In Judges 6-7, the Israelites are in trouble, once again. They’ve turned their back on God and have disobeyed his commands. They’ve been under the control of the evil Midianites for seven years, and they’ve had enough. At least, that’s what they say. But the Midianites are very evil and are so cruel, that the Israelites hide from them in mountains, caves and other strongholds. When the Israelites plant their crops, their enemies attack them and destroy their crops. Their oppressors leave them with nothing to eat. They’re reduced to starvation. So they cry to the Lord for help.

The problem isn’t that their enemies are strong. It’s that the Israelites have again disobeyed God. Trouble always finds them when they turn their backs on God’s commands.

One man, who is basically afraid of his own shadow, threshes his wheat at the bottom of a winepress in hopes that his enemies can’t find his food and steal it. Gideon says he is the lowliest person in the lowliest tribe of Israel, and he’s scared of everything.  But God sees him and comes to him in his hiding place. 

When the Lord finds him deep in that winepress, he calls Gideon a mighty hero. But Gideon asks God why he has allowed his people to endure such hardships. He asks why God has abandoned them. God knows Gideon has many fears, but he also knows Gideon’s heart.  He hears Gideon when he asks why God has allowed all the evil to take place.  He hears Gideon’s cries about his people starving and struggling to survive.

God doesn’t rebuke him for questioning.  God doesn’t chastise him for being fearful.  Instead, God empowers him to fight.  He enables Gideon to assemble a small army.  God says a large army would indicate that they won by their own power.  A small army shows that God is the one who led them to victory.  Because there are times in life, we can’t do everything.  We need God to guide us, and the victory is all his.


It is not by force nor by strength, but by my Spirit, says the Lord of Heaven’s Armies. Zechariah 4:6


God didn’t give him attaboys or you got this, man.  No.  God wanted the praise.  God wanted the adoration and commitment. Gideon needed to depend on God’s strength to fight this battle and win.  God led Gideon to defeat the enemies, but it was with God’s power. Not Gideon’s. The victory was not through human strength but from God’s favor and power. After all, God whittled down Gideon’s army from three thousand to only three hundred men. And those few men defeated an army of thousands with the help of God.

Gideon doubted God. He thought his people were in such a bad way because God wasn’t doing his job. But when God showed him that his people’s deliberate disobedience had caused this oppression, Gideon had a change of heart. He saw his countrymen for the sinners they were. In spite of his fears, he saw God’s mighty hand upon him and his small army.

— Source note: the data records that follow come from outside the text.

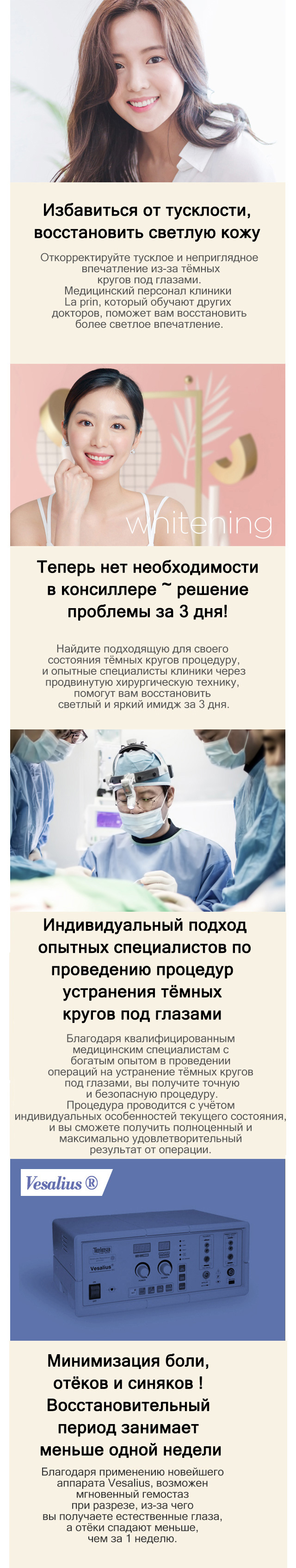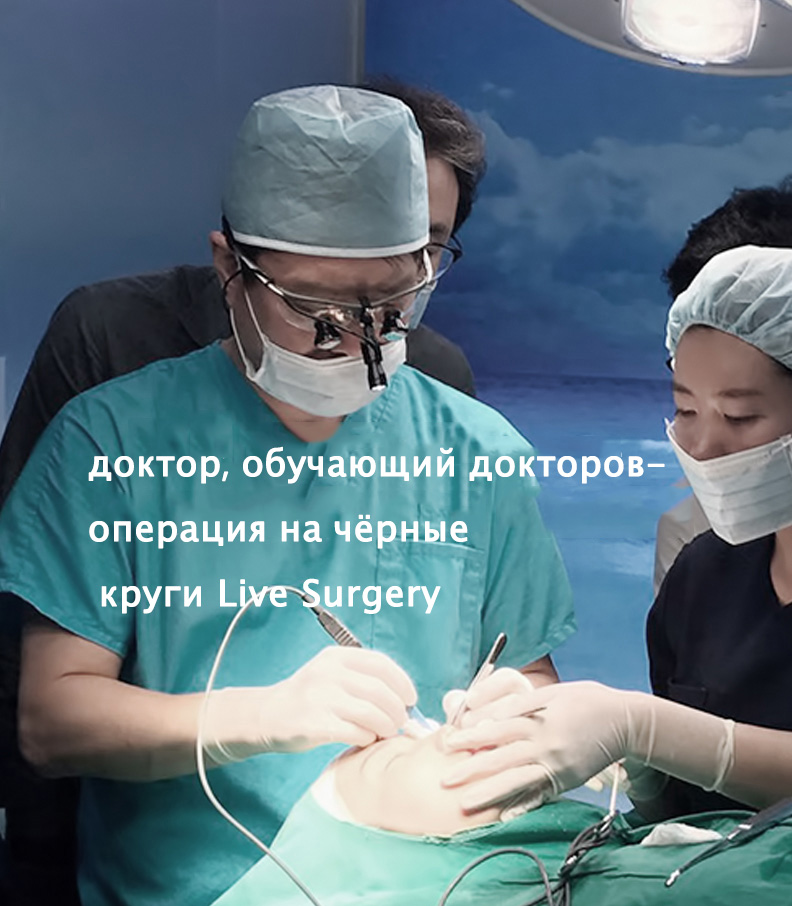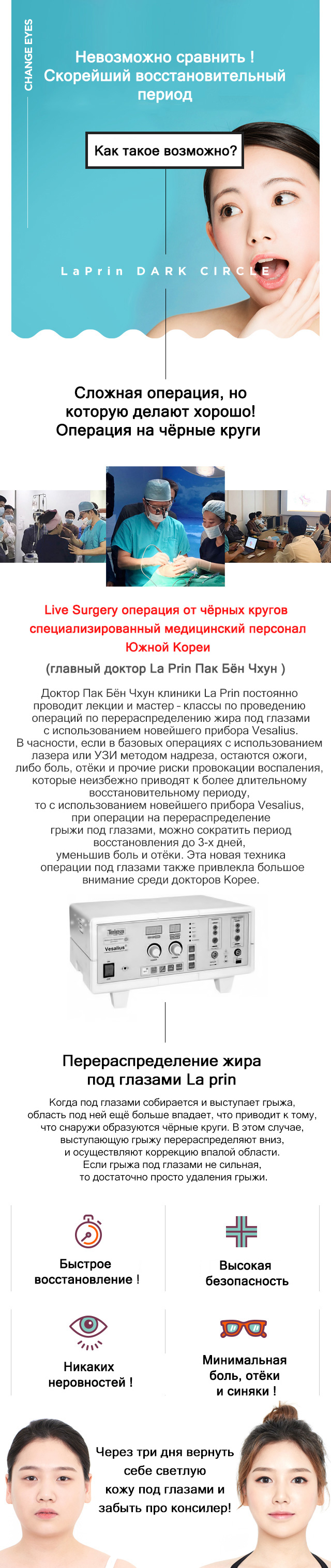 Live Surgery операция от чёрных кругов специализированный медицинский персонал Южной Кореи (главный доктор La Prin Пак Бён Чхун ) Доктор Пак Бён Чхун клиники La Prin постоянно проводит лекции и мастер – классы по проведению операций по перераспределению жира под глазами с использованием новейшего прибора Vesalius. В часности, если в базовых операциях с использованием лазера или УЗИ методом надреза, остаются ожоги, либо боль, отёки и прочие риски провокации воспаления, которые неизбежно приводят к более длительному восстановительному периоду, то с использованием новейшего прибора Vesalius, при операции на перераспределение грыжи под глазами, можно сократить период восстановления до 3-х дней, уменьшив боль и отёки. Эта новая техника операции под глазами также привлекла большое внимание среди докторов Корее.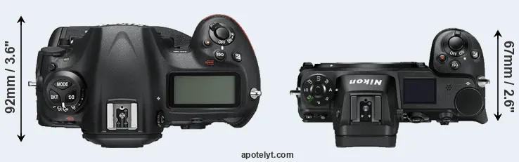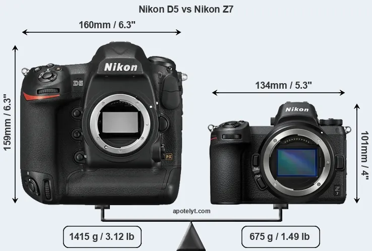 The side-by-side display below illustrates the physical size and weight of the Nikon D5 and the Nikon Z7. The two cameras are presented according to their relative size. Three consecutive views from the front, the top, and the rear side are shown. All width, height and depth measures are rounded to the nearest millimeter.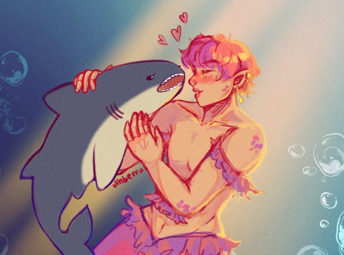 bringing back merjin from my aquarium staff jinkook au since it’s mermay!!!! 🌊🧜🏻♂️🦈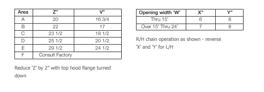 gage galvanized steel or 22 gage stainless steel. Also optional on fire doors to 15’ wide. Standard on counter fire doors and counter doors.

Too many times we try to fight our own battles. We imagine victory at the sound of our sharp words or brute force. But we are weak. We are inadequate. We are fearful. We are human. We can’t fight our own battles. We need God’s help. If we claim to be a child of God, we need God’s strength to fight our battles. And he says he will fight for us.

We don’t have it all together. And God sees our weakness. But he also sees our hearts. And if our hearts are seeking to obey and honor God, he will work with our weakness. He will be our strength. He will be our guide. He will lead us to victory. Oh. The victory may not look as we expect. But victory will be look the way God intended. God ordains all our steps. All our battles. All our losses and victories. They are his. If we are his, we know that obedience is much better than elaborate victories.